In large companies, especially those that have grown through acquisitions, there often exists a coexistence of the most diverse tool landscapes. There are various business areas and competencies, individual processes, and historically grown environments that cannot be replaced, migrated, or standardized in the short term or economically in practice. This involves technologies, but also the people who use them.

Current State

From demand and requirements management, product and application lifecycle management, development and version control, test, deployment, and continuous integration tools, to operations and monitoring tools: In practice, developers are confronted with complex heterogeneous environments, a variety of distributed data sources and quantities with the most diverse interfaces, data formats, quality grades, or availabilities.

When the marketing department with its CRM system or support, human resources, legal, or finance department also come on board, the challenges quickly multiply when it comes to consolidating data across departments to create a basis for business intelligence (BI), for example, for reports and key performance indicators (KPIs).

With sometimes manual, often repetitive preparations, transformations, and transfers, it is not only data but also existing established processes that come under scrutiny.
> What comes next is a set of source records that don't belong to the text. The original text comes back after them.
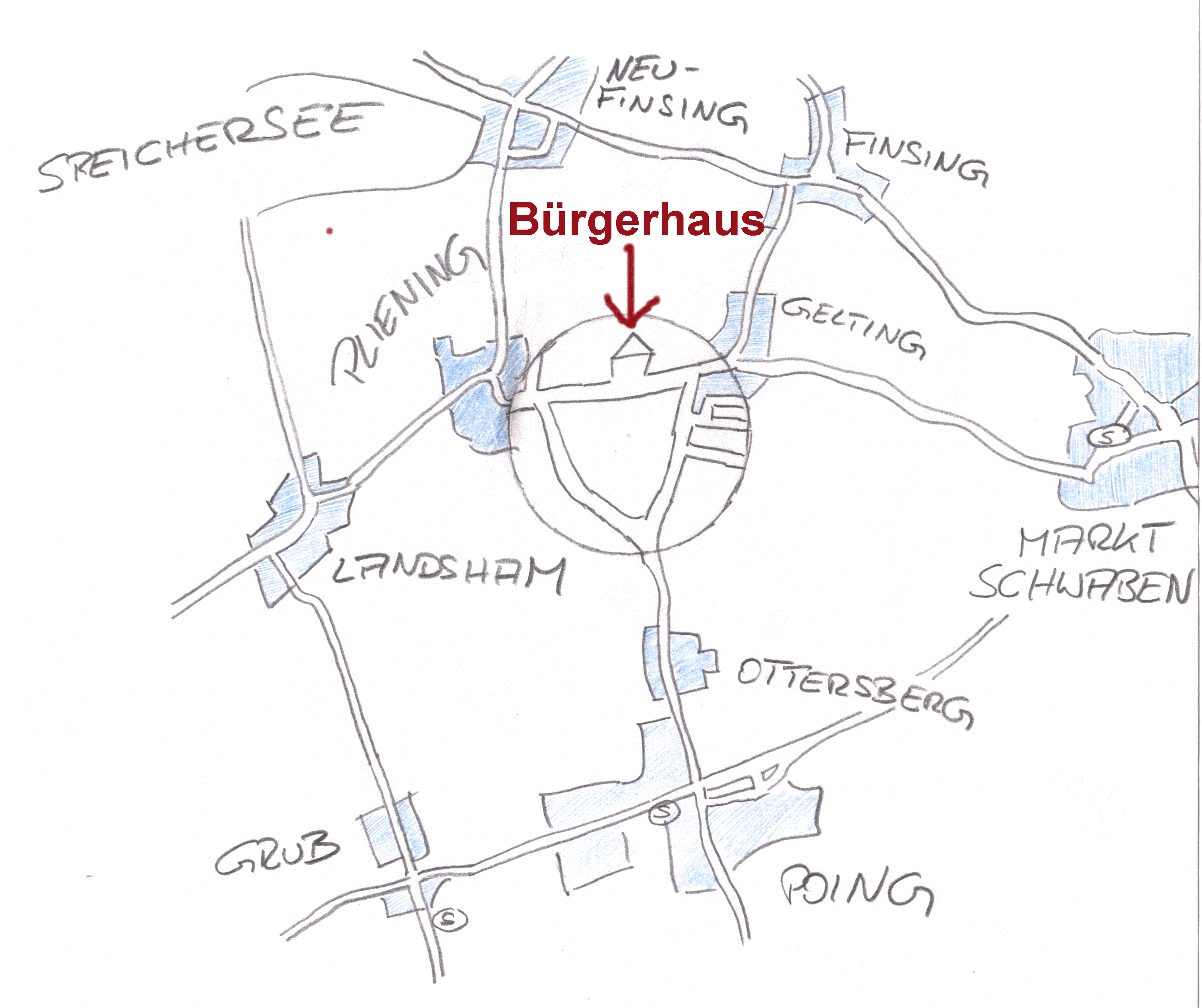 | Mit dem Bus der Linie 463 von Markt Schwaben aus und dem Bus der Linie 460 von Poing aus erreichen Sie die Haltestelle "Neufarner Straße", die nur wenige Minuten Fußweg vom Bürgerhaus Pliening entfernt liegt. |
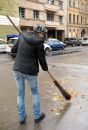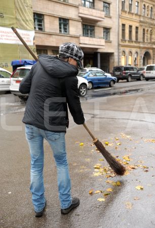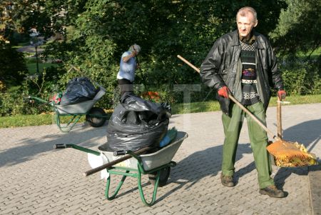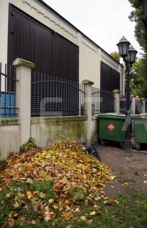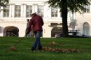 Strādnieki vāc rudens lapas.
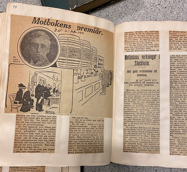Ovan ses en illustration av mot­bokens premiär i Stockholm i slutet av februari 1914. DN skriver i sin rapportering om premiären att den ”för­löpte utan kravaller och att maskineriet genast gick oklanderligt”. Den utsände reportern beskriver en hög­tidlig känsla när han mot uppvisande av sin motbok rekvirerade en liter renat bränn­vin: ”[…] som nu, efter genom­gången för­rättning, var min, verkligen min, min på ett helt annat sätt än någon liter förut varit det. Det kändes nästan som när man varit och deklarerat eller röstat i fullmäktige.”

For management, transparency, reusability, automation, and cost reduction may be strategic goals. After all, measures such as the formalization and persistence of knowledge or the analysis of practices and processes using data analytics, semantics, artificial intelligence (AI), process mining (PM), or robotic process automation (RPA) open up entirely new, sometimes still unimagined possibilities here.

What on the one hand means promising perspectives, on the other hand raises questions for their employees about their future role. In addition to an insight into architecture and technology, this article aims to clarify how this evolution develops less into a risk and more into an opportunity for all involved.

In contrast to the approaches of Data Warehouse and Data Lake, the word semantics comes first in a semantic Single Source of Truth (SSOT) - and thus the meaning of the information it contains. This makes it a central, ideally company-wide source of knowledge. Metadata ensures a common understanding of stored information, a central terminology for a common language. The goal: to make collaboration more efficient, between people as well as between machines.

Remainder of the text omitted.